[Exercise]: Using the data that follows, output only the lines from the line with "Coppia di stampe" up to and including the line with "日出時間是5:40左右,我大", exactly, leaving pictures aside.

[Input]:
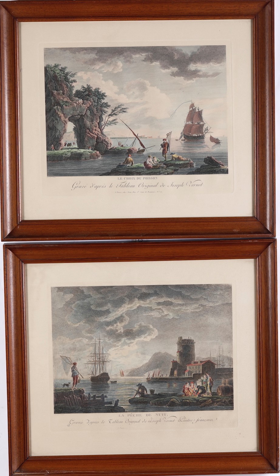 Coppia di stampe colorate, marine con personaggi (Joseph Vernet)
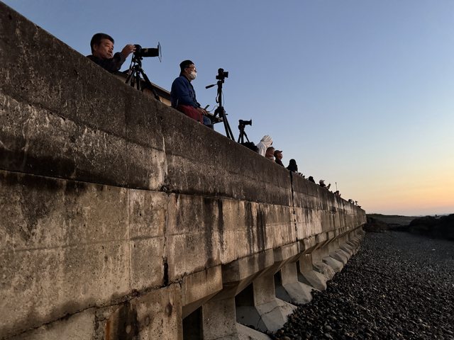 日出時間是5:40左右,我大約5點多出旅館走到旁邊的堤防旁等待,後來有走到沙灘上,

...

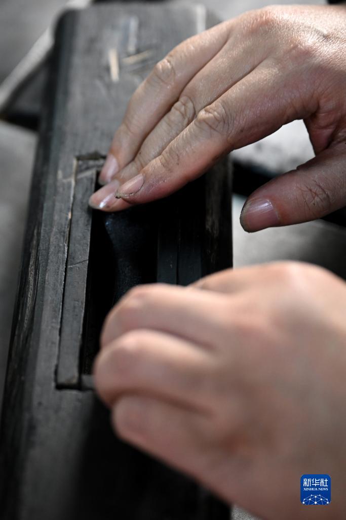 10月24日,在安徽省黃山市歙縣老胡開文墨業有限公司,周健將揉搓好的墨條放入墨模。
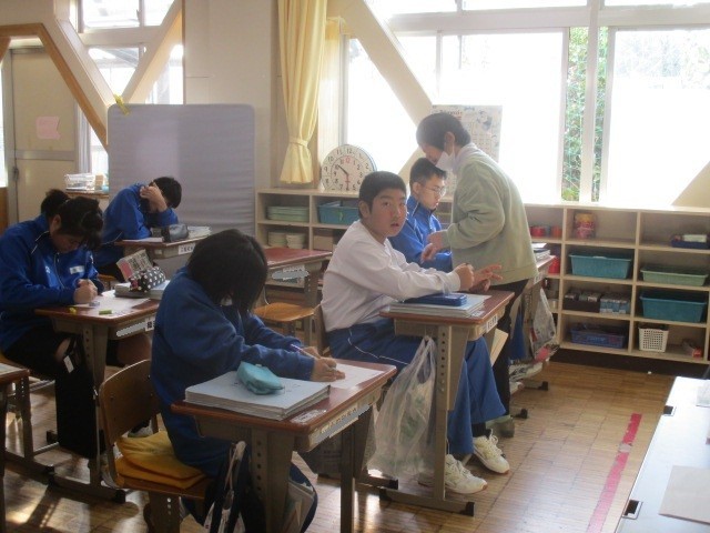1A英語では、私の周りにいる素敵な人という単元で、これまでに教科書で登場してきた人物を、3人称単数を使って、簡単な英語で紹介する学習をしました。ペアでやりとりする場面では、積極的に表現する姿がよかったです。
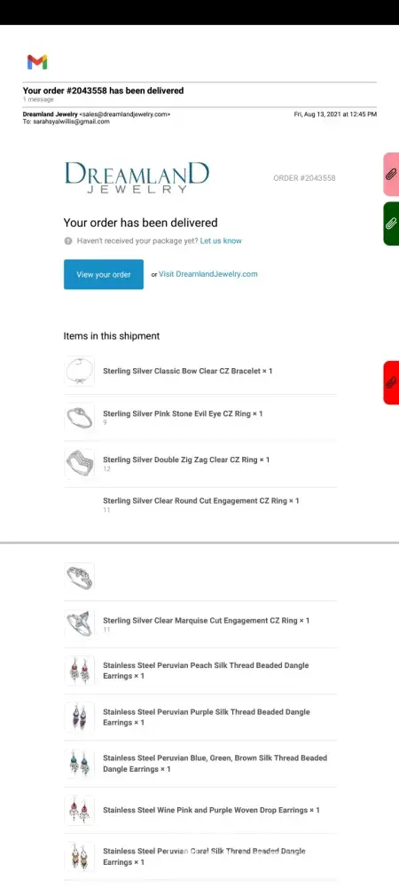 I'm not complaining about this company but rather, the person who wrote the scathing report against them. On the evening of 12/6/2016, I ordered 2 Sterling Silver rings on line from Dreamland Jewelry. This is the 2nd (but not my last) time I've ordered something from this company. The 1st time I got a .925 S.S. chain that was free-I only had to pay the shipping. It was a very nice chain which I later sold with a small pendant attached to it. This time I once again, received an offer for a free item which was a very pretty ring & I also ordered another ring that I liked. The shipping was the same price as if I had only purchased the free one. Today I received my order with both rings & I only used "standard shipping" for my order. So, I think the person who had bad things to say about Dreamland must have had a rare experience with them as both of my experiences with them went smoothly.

...

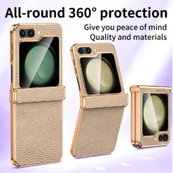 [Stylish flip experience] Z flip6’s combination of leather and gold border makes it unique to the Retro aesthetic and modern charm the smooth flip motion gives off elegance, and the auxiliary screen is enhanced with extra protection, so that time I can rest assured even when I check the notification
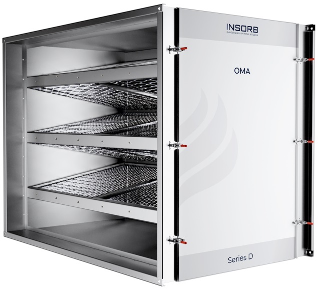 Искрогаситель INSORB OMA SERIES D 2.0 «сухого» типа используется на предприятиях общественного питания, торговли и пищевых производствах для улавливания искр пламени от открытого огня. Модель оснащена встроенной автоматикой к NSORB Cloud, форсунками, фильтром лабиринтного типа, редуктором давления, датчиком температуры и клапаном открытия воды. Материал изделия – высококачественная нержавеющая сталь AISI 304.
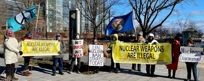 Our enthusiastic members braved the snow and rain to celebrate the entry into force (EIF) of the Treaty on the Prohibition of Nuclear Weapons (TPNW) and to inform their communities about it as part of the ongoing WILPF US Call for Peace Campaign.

[Finished exercise]:
 Coppia di stampe colorate, marine con personaggi (Joseph Vernet)
 日出時間是5:40左右,我大約5點多出旅館走到旁邊的堤防旁等待,後來有走到沙灘上,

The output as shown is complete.